Under the proposed agreement, SIGECO has committed to:
– either repower Culley Unit 1 (50 MW) with natural gas, which would significantly reduce air emissions from this unit, and equip it with selective catalytic reduction control technology for further reduction of nitrogen oxides, or cease operation of the unit by December of 2006;
– operate the existing selective catalytic reduction control technology recently installed on Culley Unit 3 (287 MW) year round at a lower emission rate than that currently required under the NOx SIP Call, resulting in further nitrogen oxide reductions;
– enhance the efficiency of the existing scrubber at Culley Units 2 and 3 for additional removal of sulphur dioxide emissions;
– install a baghouse for further particulate matter reductions at Culley Unit 3 by June of 2007;
– conduct a Sulphuric Acid Reduction Demonstration Project as an environmental mitigation project designed to demonstrate an advance in pollution control technology for the reduction of sulfate emissions;
– and pay a $600,000 civil penalty.
Vectren anticipates that the proposed settlement would result in total capital expenditures through 2007 in a range of between $16 Million and $28 Million. The lower level of capital expenditures would occur if SIGECO elects to not repower Culley Unit 1.

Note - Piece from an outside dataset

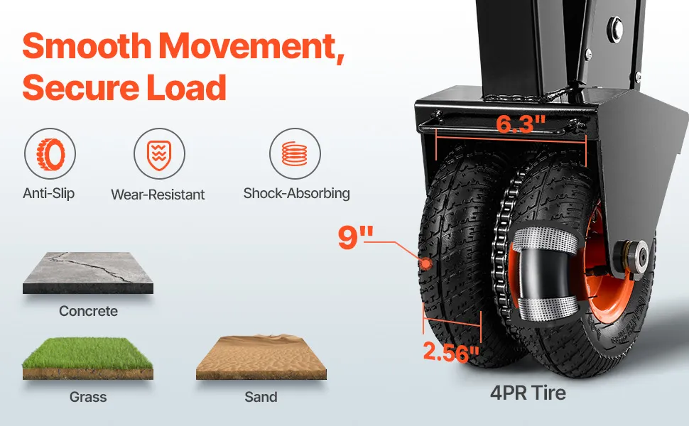 Dotato di pneumatici appositamente progettati con materiali e disegni del battistrada esclusivi, questo carrello da traino garantisce un attrito e una stabilità eccellenti, impedendo slittamenti o perdite di controllo su diverse superfici.

Other than the $600,000 civil penalty, SIGECO expects that these capital expenditures and related operation expenses are properly recoverable through rates. SIGECO believes that the expenditures for pollution control equipment provided under this proposed agreement would enable SIGECO to effectively and affordably meet future environmental requirements at the Culley units. Further, the expenditures would position the Culley units for continued operation under ever more stringent pollution control requirements that SIGECO expects in the next few years, and enhance the units’ continued ability to burn regional and cost-effective high sulphur coal.